Better plain ViT baselines for ImageNet-1k

Published 3 May 2022 in cs.CV | (2205.01580v1)

Abstract: It is commonly accepted that the Vision Transformer model requires sophisticated regularization techniques to excel at ImageNet-1k scale data. Surprisingly, we find this is not the case and standard data augmentation is sufficient. This note presents a few minor modifications to the original Vision Transformer (ViT) vanilla training setting that dramatically improve the performance of plain ViT models. Notably, 90 epochs of training surpass 76% top-1 accuracy in under seven hours on a TPUv3-8, similar to the classic ResNet50 baseline, and 300 epochs of training reach 80% in less than one day.

Abstract PDF Upgrade to Chat

Citations (99)

View on Semantic Scholar

Summary

The paper's main contribution is showing that simple training tweaks and data augmentation can boost plain ViT performance, reaching over 76% top-1 accuracy in under seven hours.
The authors implement methodological changes like reducing batch size, replacing the class token with global average pooling, and adopting fixed sine-cosine positional embeddings.
Experimental results demonstrate that these streamlined adjustments enable competitive performance against methods like ResNet50 while lowering computational complexity.

Better Plain ViT Baselines for ImageNet-1k

The paper "Better plain ViT baselines for ImageNet-1k" presents an intriguing reevaluation of the Vision Transformer (ViT) training framework on the ImageNet-1k dataset. Contrary to prevailing assumptions that effective ViT performance requires sophisticated regularization and vast pre-training datasets, this study demonstrates that standard data augmentation alone can significantly enhance performance.

Key Contributions

The authors identify and implement a series of minor modifications to the ViT training regimen that markedly improve its efficacy. The primary focus is to simplify the ViT baseline while retaining competitive performance when compared to established methods like ResNet50 and other contemporary ViT implementations.

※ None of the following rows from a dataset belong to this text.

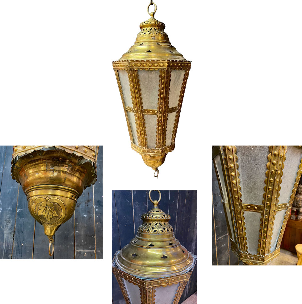 Ancienne Lanterne Flamande en cuivre et verre du 18ème Siècle. Non Electrifiée INS 1671 DIMENSIONS EN CM Hauteur 85 /185 Largeur Profondeur Diamètre 35 Hauteur assise Retour page Déco Insolite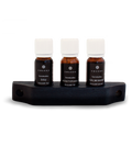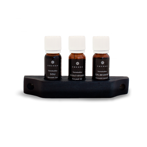 Enhance your sauna experience with this elegant Sauna Fragrances Set, featuring three 10ml bottles of Sisu, Pinewood, and Salmiac scents. Housed in a sleek black wooden wall rack, these fragrances are made with 100% essential oils and natural tar. Simply add 2-6 drops to a scoop of water, throw it on the hot stones, and immerse yourself in the calming, aromatic atmosphere of your sauna. A perfect blend of tradition and relaxation!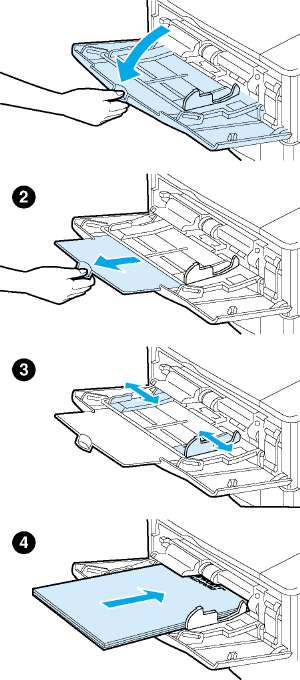 Обычно бумагу следует загружать стороной для печати вверх и верхней короткой стороной к принтеру.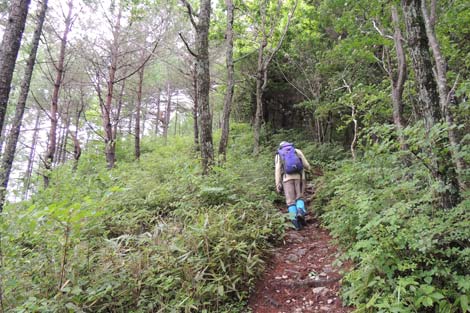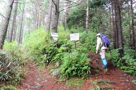 前夜の雨にも関わらず水はけが良く歩きやすい登山道 | 烏帽子岳分岐点・下 |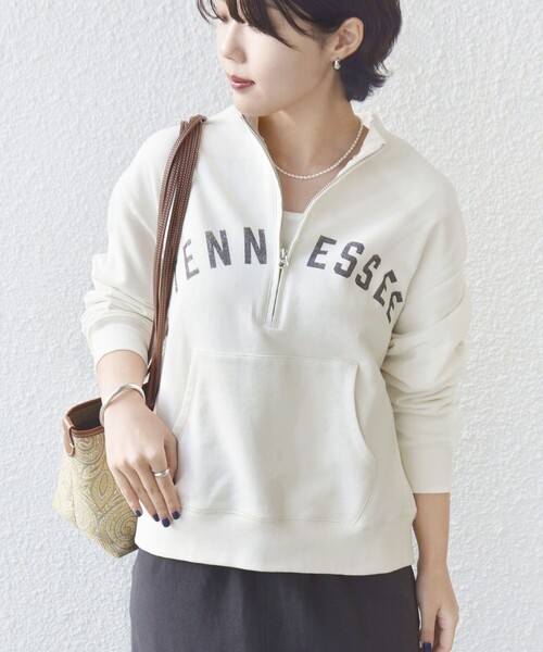 ―26SS― レイヤードを楽しめるハーフジップスウェット ■デザイン TENNESSEERIVERとの完全別注アイテムです。 深めに開くハーフジップデザインで、インナー次第で旬のレイヤードスタイルを楽しめます。 上まで閉じても顔周りがすっきりと見える襟ぐりやフロントのポケットが特徴。 ロゴプリントとボディの加工感がポイントになり、一枚で着映えるデザインです◎ ■素材 ドライな質感の糸を使用しており、薄すぎず厚すぎない「スタンダードなウェイト」の素材です。 裏毛になっている為、肌離れが良いのが特徴。 また、製品染めをする事でふっくらとしたボリューム感が生まれます。 加工法は古着風にするなら「顔料染め(ピグメント)」を選びがちですが、あえて「反応染め」をセレクトし、きれいめなヴィンテージ感を演出しました。 白茶けたようなユーズド感ではなく、新品ながらも洗いざらしのような馴染んだ風合いに仕上がり、高級感や清潔感があります。 ■お問い合わせ品番:312-01-1184 【TENNESSEERIVER】 TENNESSEERIVERは1980年代初頭にアラバマ州フローレンスで設立。 当時はテキスタイル産業が盛んな地域として「Tシャツの首都」と呼ばれていました。 VintageのロックT・企業T・カレッジTなどにインスピレーションを受けた独自のアートワークを創り出すとともに、TENNESSEERIVERオリジナルのベーシックなボディに対し、研究を重ねた独自の加工感を提案しています。 数あるプリンタブルボディの中で、他にはない特別な存在感を持つブランドでありたいとTENNESSEERIVERは考えます。 今後Tシャツだけにとどまらず、幅広い商品ラインナップを展開していきます。 ------------------------------------- 生地の厚み:中間 伸縮性:有 透け感:無 光沢感:無 ポケット:有 手洗い:洗濯機可 ------------------------------------- ※【着丈】こちらの商品は肩から一番高い位置より計測しております。予めご留意ください。 ※本製品は製品染めの特性上、サイズに若干の個体差が生じる場合や、色落ちする可能性がございます。あらかじめご了承ください。 ※撮影環境により商品の色味が異なって見える場合がございます。商品のお色味は、物撮り画像をご参考にしてください。 ※末永く愛用頂く為に、アテンションタグを必ずご確認の上、着用又はお取り扱いください。 ※画像の商品はサンプルです。 実際の商品と仕様、加工、サイズが若干異なる場合がございます。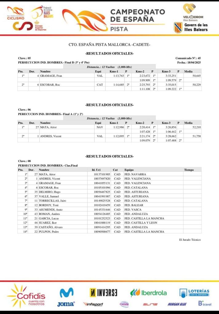 El navarro Aitor Mata se lleva el título de Persecución Individual Cadete. Plata y bronce para los corredores de la FCCV Vicent Andrés y Fran Gramage.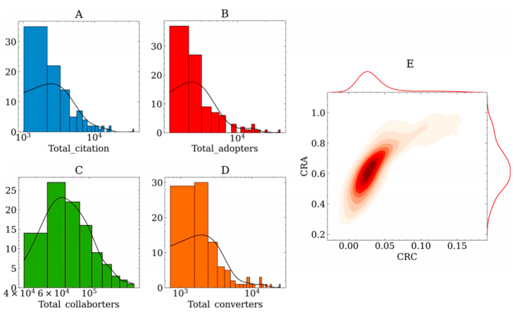 为探究这些问题,研究团队开创性地将“集体记忆理论”与“创新扩散理论”相融合,构建了基于引用的科学创新集体记忆网络,并在网络中定义了四类作者角色:原作者、采纳者、合作者和转化者。同时,研究引入了两个新的定量指标——采纳者转化率 (CRA) 和合作者转化率 (CRC),用于衡量合作网络中知识传递的效率。通过对引用模式、合作网络及转化率的综合分析,团队揭示了科学创新在合作网络中的传播路径与内在机制。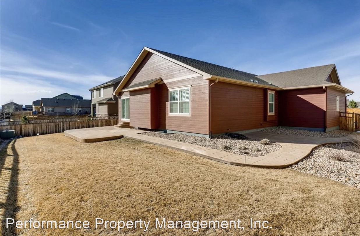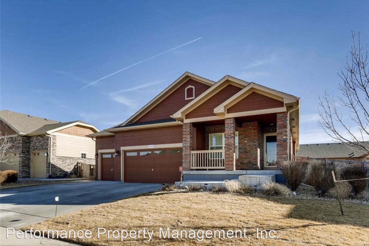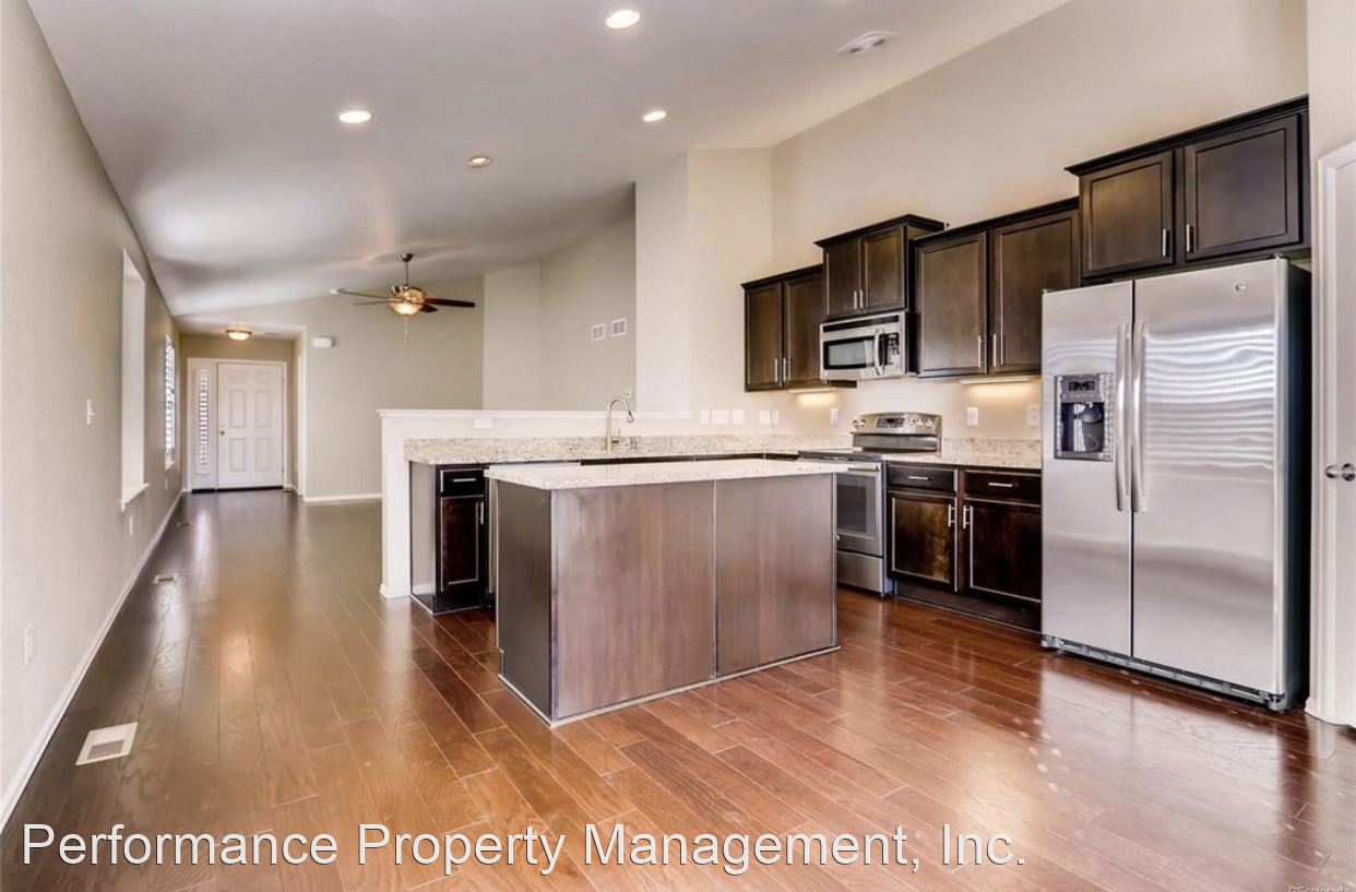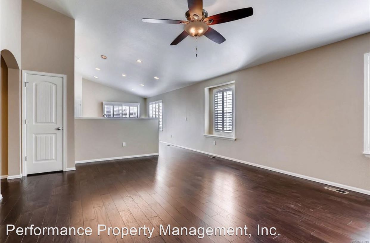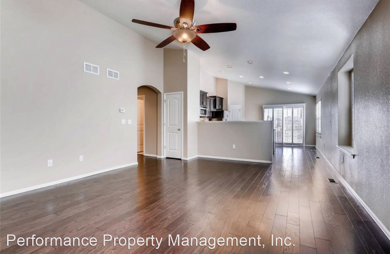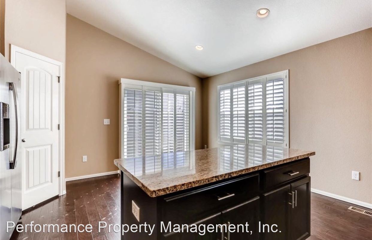 GORGEOUS Ranch Style Home in PRESTIGIOUS High Point At DIA Community AVAILABLE AUGUST 5TH!!!! - This BEAUTIFUL home features an open floor plan with VAULTED CEILINGS, HARDWOOD FLOORS, plantation window shutters and a FULLY UPGRADED KITCHEN with granite counter tops, large island, stainless steel appliances and walk-in pantry. The partially finished basement features one bedroom, full bathroom, recreation room, game room and TONS of space for storage in the unfinished portion of the basement. COMMUNITY POOL and PARK are just outside your door!! THREE CAR GARAGE perfect for parking all of your outdoor toys. Located right by the GAYLORD ROCKIES RESORT AND CONVENTION CENTER and LESS THAN 10 MINUTES TO DIA!!! Tenant responsible for gas, electric, water, sewer and yard maintenance in addition to rent. NO PETS. NO SMOKING. This is a QUIET and VERY WELL MAINTAINED HOA community.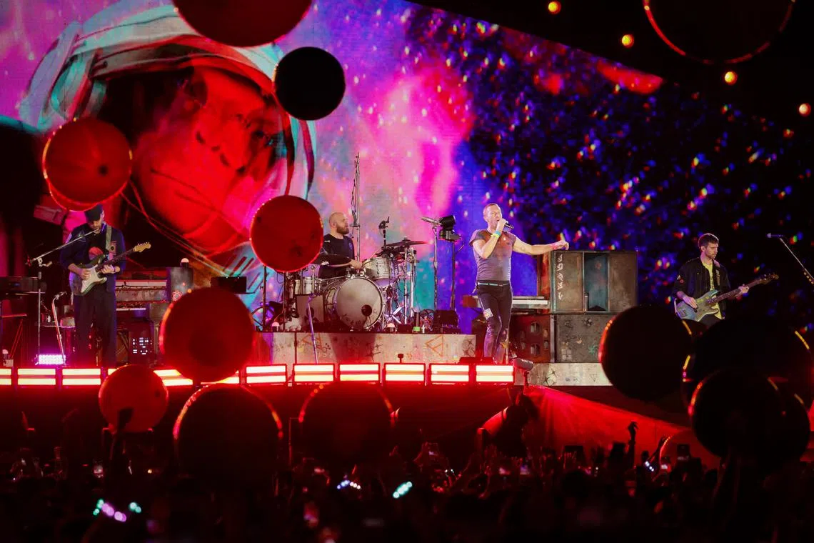 PEMBUKAAN HEBAT: Chris Martin dari Coldplay membuat persembahan di ‘Music of the Spheres World Tour’ di Stadium Negara pada 23 Januari 2024. - Foto ST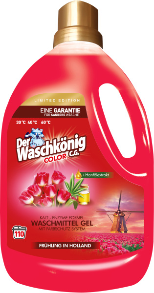 • Waschkönig Color je prací gel pro barevné prádlo s formulí pro odstranění nečistot a skvrn již od 20 °C při zachování barev. Účinně odstraňuje odolné skvrn z tkanin při nízkých teplotách, chrání je před poškozením a zanechá příjemnou vůni
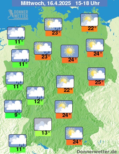 Am Mittwochnachnmittag zeigt sich der Himmel über dem Westen und Südwesten stark bewölkt oder es ist bedeckt, dabei fällt zeitweise Regen. In der Mitte des Landes muss mit einzelnen Schauern und Gewittern gerechnet werden. Im Osten und Südosten verläuft der Nachmittag heiter oder es ist sonnig.

Training Efficiency: Notably, the study achieves over 76% top-1 accuracy in a compressed timeframe of under seven hours using a TPUv3-8, after 90 training epochs. When extended to 300 epochs, the model reaches an impressive 80% top-1 accuracy in less than a day.
Simplified Training Regime: The authors leverage several straightforward adjustments:
- Batch size reduction from 4096 to 1024.
- Adoption of global average pooling (GAP) instead of a class token.
- Fixed 2D sine-cosine positional embeddings in place of learned embeddings.
- Incorporation of RandAugment and Mixup for data augmentation, albeit at conservative levels.
Baseline ViT Setup: A detailed experimental setup maintaining the original architecture underscores the simplicity and effectiveness of carefully chosen hyperparameters without resorting to advanced augmentation or regularization techniques such as dropout, stochastic depth, or high-resolution fine-tuning.

Experimental Validation

The empirical results, represented graphically in Figure 1 of the paper, reveal the efficiency of the proposed adjustments. Comparisons with ResNet50 and other ViT variants confirm the enhanced performance of the refined baseline. Furthermore, Table 1 evaluates the impact of individual modifications using ablation studies, underscoring their cumulative beneficial effect on model accuracy.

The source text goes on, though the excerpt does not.